Per celebrare la “Giornata Nazionale del Dialetto e delle Lingue locali”, venerdì 17 gennaio la prima storia del numero 3608 di “Topolino” verrà pubblicata in napoletano, catanese, milanese e fiorentino. Si tratta di una bella notizia per tanti appassionati del celebre fumetto e soprattutto per i collezionisti. Certo, non è detto che i giovani lettori siano in grado di capire ogni parte del testo, considerato che il dialetto viene parlato raramente, in contesti ristretti, quasi mai scritto o letto, in pochissimi casi studiato. Forse qualche possibilità in più avrà l’edizione in napoletano per una maggiore diffusione dovuta alla musica leggera e neomelodica.

Da tempo si dibatte sull’importanza della conservazione dei dialetti e dell’insegnamento degli stessi nelle scuole, ma a parte alcuni progetti non c’è una linea comune; del resto va osservato che, se da un lato alcuni sono vere e proprie lingue, dall’altro anche all’interno delle stesse provincie, a pochi chilometri di distanza, differiscono tra loro. La musica e la letteratura sono stati e sono i principali “strumenti” di protezione e diffusione, offrendo un genere vero e proprio, frutto per lo più di uno studio ricercato e di una scelta “alta”, non certo popolare, che ha coinvolto pure i fruitori stranieri. Scriveva, infatti, Cesare Pavese: “Il dialetto usato con fini letterari è un modo di far storia, è una scelta, un gusto”. Ciò che non va dimenticato è che la “questione della lingua” in Italia ha attraversato diversi secoli e fatto confrontare famosi personaggi, dunque è un bagaglio di storia e tradizione che va conosciuto – e questo nella scuola secondaria di II grado si studia – senza inutili considerazioni nostalgiche.
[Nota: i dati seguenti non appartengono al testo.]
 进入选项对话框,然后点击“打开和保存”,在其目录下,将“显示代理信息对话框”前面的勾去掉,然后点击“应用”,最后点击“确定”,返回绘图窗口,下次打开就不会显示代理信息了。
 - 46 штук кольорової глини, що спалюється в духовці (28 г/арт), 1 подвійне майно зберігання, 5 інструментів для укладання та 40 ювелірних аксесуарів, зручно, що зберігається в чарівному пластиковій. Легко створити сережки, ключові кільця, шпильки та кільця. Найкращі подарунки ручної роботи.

In tal senso ci viene in aiuto Italo Calvino: “Finché l’italiano è rimasto una lingua letteraria, non professionale, nei dialetti (quelli toscani compresi, s’intende) esisteva una ricchezza lessicale, una capacità di nominare e descrivere i campi e le case, gli attrezzi e le operazioni dell’agricoltura e dei mestieri che la lingua non possedeva. La ragione della prolungata vitalità dei dialetti in Italia è stata questa. Ora questa fase è superata da un pezzo: il mondo che abbiamo davanti, – case e strade e macchinari e aziende e studi, e anche molta dell’agricoltura moderna, – è venuto su con nomi non dialettali, nomi dell’italiano, o costruiti su modelli dell’italiano, oppure d’una interlingua scientifico-tecnico-industriale, e vengono adoperati e pensati in strutture logiche italiane o interlinguistiche”.
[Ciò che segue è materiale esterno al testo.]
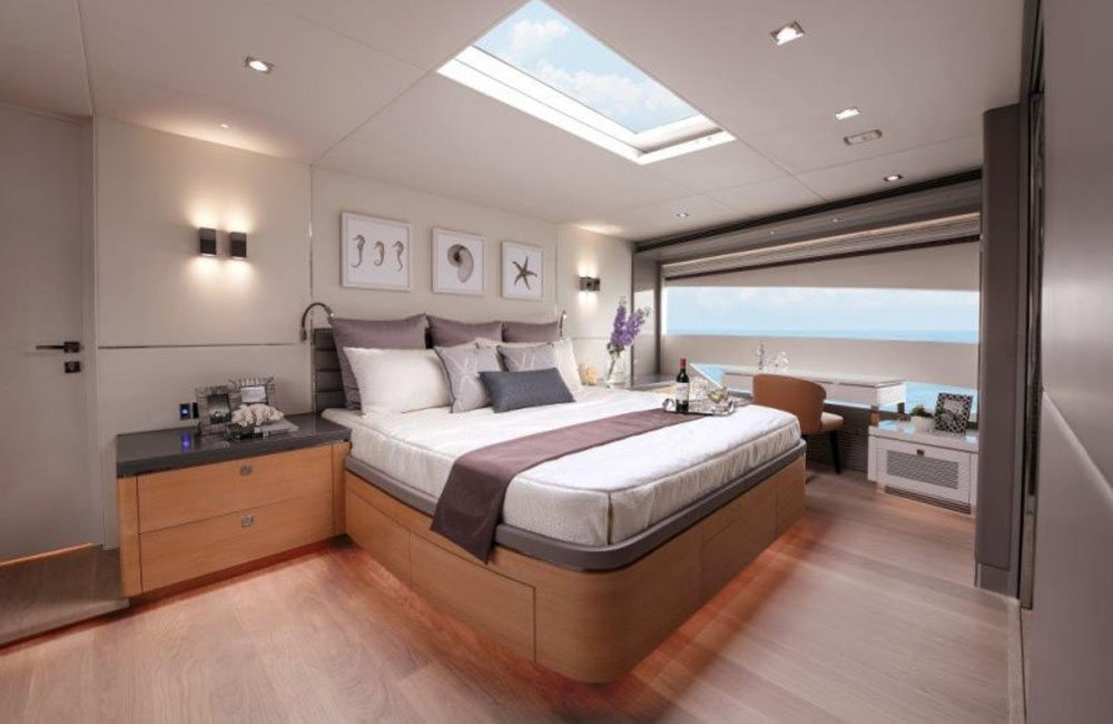 ما يميز يخت FD87 Skyline نوافذه الكبيرة الحجم التي تسمح بدخول الضوء الطبيعي إلى الداخل فيبرز بشكل رائع التصميم الذي اعتمد لبناء المقصورة.

Abbiamo conquistato un’unica lingua e tutto ciò che comporta l’unità linguistica non senza fatica, ma – possiamo dire – “siamo fatti della stessa sostanza dei dialetti”, quindi celebrarli per salvarli ne vale la pena. Afferma Italo Svevo: “La nostra vita avrebbe tutt’altro aspetto se fosse detta nel nostro dialetto”. Per questo motivo bisogna evitare che i dialetti si perdano tra i gerghi e gli slang, soprattutto che vengano identificati come tipici delle periferie degradate e spesso intestati solo ad una parte della popolazione, quella del “popolino”. Del resto dice Severgnini: “Il dialetto non si salva solo con le poesie, le commedie e i festival. Si tramanda anche infilandolo nel discorso, come un cetriolino in un panino. È un po’ snob, lo ammetto. Ma mica possiamo parlare tutti inglese”.